Stigmatization of mental illness, becomes a major barrier for people with mental health problems to seek professional help, as they fear being labelled and bullied.

March 31, 2019 / 02:16 PM IST
World Mental Health Day is observed on October 10. While awareness of mental health is gradually improving, there are certain misconceptions and myths related to the subject. A website called HealthPartners debunks some of most common myths. (Representative image)

World Mental Health Day is observed on October 10. While awareness of mental health is gradually improving, there are certain misconceptions and myths related to the subject. A website called HealthPartners debunks some of most common myths. (Representative image)

Prime Minister Narendra Modi, earlier this month, took a covert jibe at Congress President Rahul Gandhi with a reference to dyslexia and dyslexic children. In February, Gandhi had attacked the prime minister, wondering if latter was suffering from schizophrenia.

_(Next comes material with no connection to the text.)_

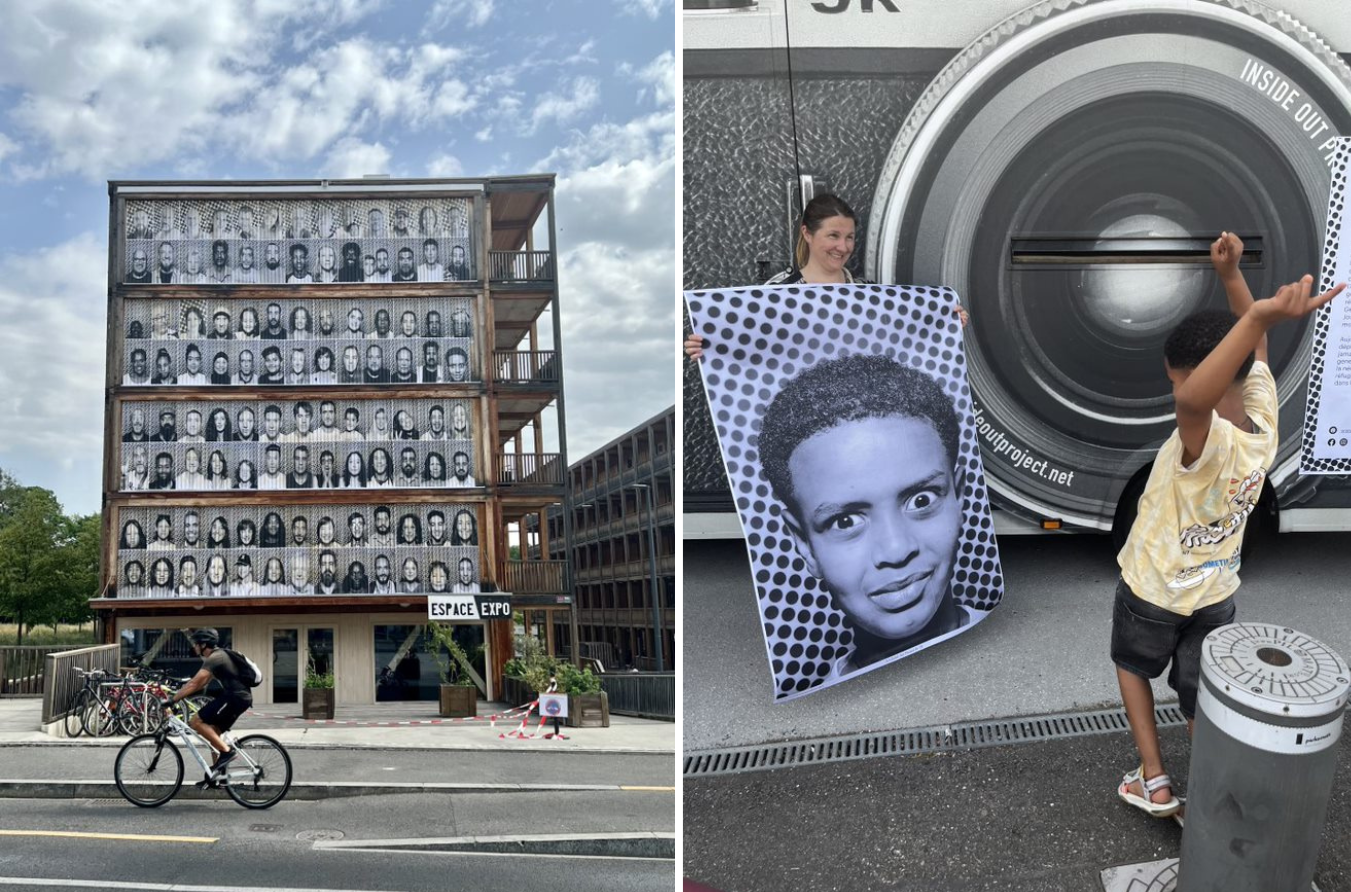 On 28 June, Switzerland for UNHCR invites you to the conference "Art and forced displacement" in the framework of the exhibition "Deflagrations more than a century of children's drawings in wars and mass crimes" at the International Museum of the Reformation. The participants will address art as a vehicle for awareness-raising, reparation, and inclusion in the context of forced displacement. The above images were taken on 20 June 2023, World Refugee Day, during the Inside Out photo booth project by JR organized by Switzerland for UNHCR and the Hospice général at the Rigot collective accommodation center, a facility for refugees and asylum seekers opposite UNHCR headquarters.

Then, it was Bharatiya Janata Party (BJP)’s Karnataka parliamentarian Anant Kumar Hegde who reportedly called Chief Minister HD Kumaraswamy schizophrenic. Schizophrenia is an extreme mental disorder that affects how a person thinks, feels, and behaves. Dyslexia is a learning disorder.

There is an unhindered flow of words and references to mental health while mocking political rivals.

A senior journalist and a television anchor in Andhra Pradesh called evangelist politician KA Paul as having a bipolar disorder. Bipolar disorder is a manic-depressive illness. Paul's political outfit Praja Shanthi Party (PSP) is contesting the elections in the state.

Dementia and Alzheimer's, often tied together with mental health, are also frequently used to describe opponents.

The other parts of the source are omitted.